I reiterate this message as often as possible, and especially when addressing younger generations.
This was what motivated me to organise The Young Mediterranean Voices initiative in 2016, together with the then-High Representative of the European Union, and the Anna Lindh Foundation. Together we convened a ‘Mediterranean Forum’, that was held in Malta’s capital, Valletta.
The initiative was very similar to the one we are holding today. It was based on open exchanges regarding several issues and challenges facing the Mediterranean region. There was all round agreement that ultimate solutions rested on dialogue, tolerance, and mutual understanding.
My Presidency is proud to act as a platform for young voices, eager to make themselves heard and to bring about positive and long term change, be it in the environmental, educational and inter-cultural spheres.

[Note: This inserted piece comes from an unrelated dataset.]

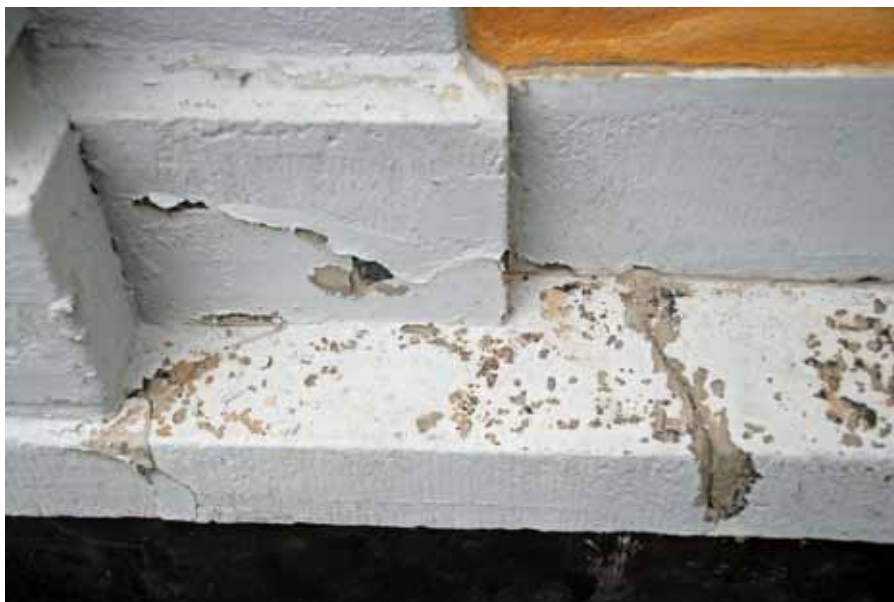
Lågerhuggen sandstenslist målad med oljefärg vid restaureringen år 2000. Bildnr: lp20100259

From my very own experience, I urge the older generation and youth alike to engage better and more directly in intergenerational cooperation on issues of common interest.
Young and old – we are equal partners in this global effort to promote dialogue, towards the attainment of ecological cooperation, security, prosperity and peace.
I conclude with a final appeal to all of you.
When you are back in your own countries and in your daily routines, ensure that in your debates and discussions you practice and promote a culture of persuasion rather than that of confrontation, based on informed arguments, and mutual respect for the opinions of others.
That way, hopefully, you will be able to influence policy and democratically bring peoples and nations together rather than creating division and distrust. Besides do ensure that there will be no place in your hearts and minds, for hate, xenophobia, ostracism, racism, or exclusion, based on ethnicity, creed, gender, or any other motive.
Let this be your footprint for the present, and you legacy for the future.
I wish you all, successful deliberations.